▸ **Problem description**
Would you write out the lines below exactly, from the one containing "周偉涵 通訊員 黃菲 攝)" to the very last, but without the pictures?
+++ Data excerpt +++
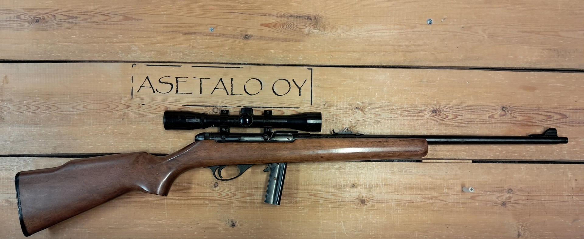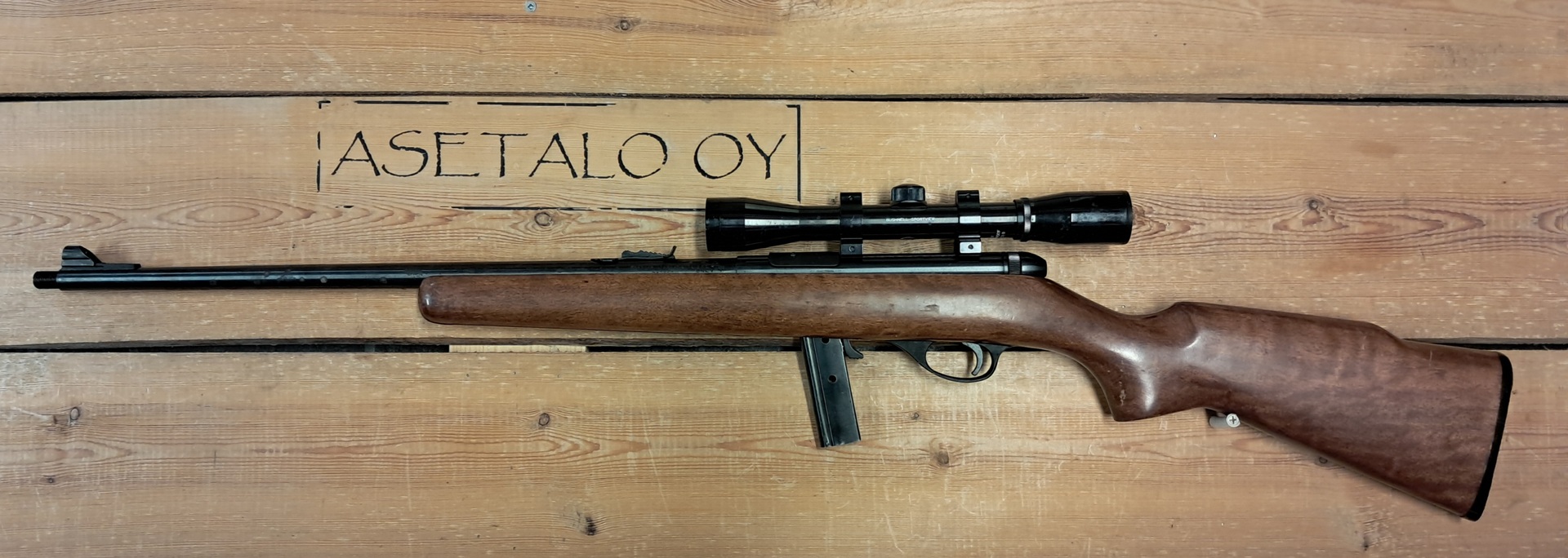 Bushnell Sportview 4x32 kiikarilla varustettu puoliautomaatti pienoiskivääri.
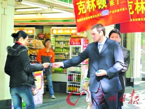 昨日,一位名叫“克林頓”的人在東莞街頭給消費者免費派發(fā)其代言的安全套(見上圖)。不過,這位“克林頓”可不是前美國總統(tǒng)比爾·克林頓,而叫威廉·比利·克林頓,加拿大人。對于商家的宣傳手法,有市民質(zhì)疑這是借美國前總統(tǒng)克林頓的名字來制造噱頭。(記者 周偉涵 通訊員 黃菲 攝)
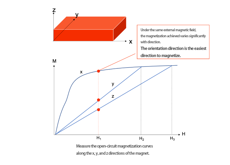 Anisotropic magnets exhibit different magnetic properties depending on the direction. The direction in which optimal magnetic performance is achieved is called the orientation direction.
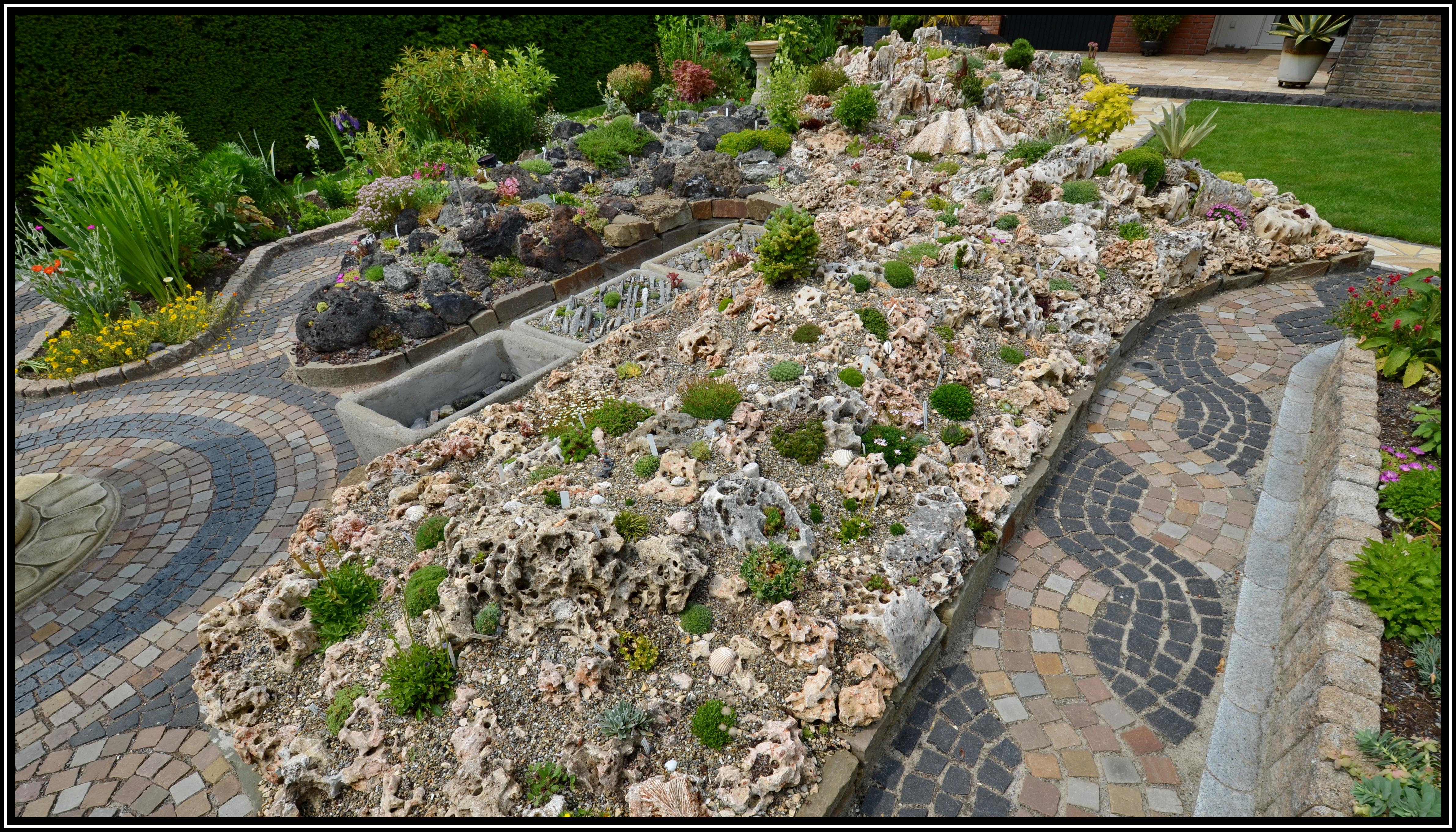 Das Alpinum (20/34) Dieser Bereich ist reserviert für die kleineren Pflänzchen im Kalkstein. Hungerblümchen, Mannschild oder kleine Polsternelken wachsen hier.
+++
▸ **Solution**
 昨日,一位名叫“克林頓”的人在東莞街頭給消費者免費派發(fā)其代言的安全套(見上圖)。不過,這位“克林頓”可不是前美國總統(tǒng)比爾·克林頓,而叫威廉·比利·克林頓,加拿大人。對于商家的宣傳手法,有市民質(zhì)疑這是借美國前總統(tǒng)克林頓的名字來制造噱頭。(記者 周偉涵 通訊員 黃菲 攝)
 Anisotropic magnets exhibit different magnetic properties depending on the direction. The direction in which optimal magnetic performance is achieved is called the orientation direction.
 Das Alpinum (20/34) Dieser Bereich ist reserviert für die kleineren Pflänzchen im Kalkstein. Hungerblümchen, Mannschild oder kleine Polsternelken wachsen hier.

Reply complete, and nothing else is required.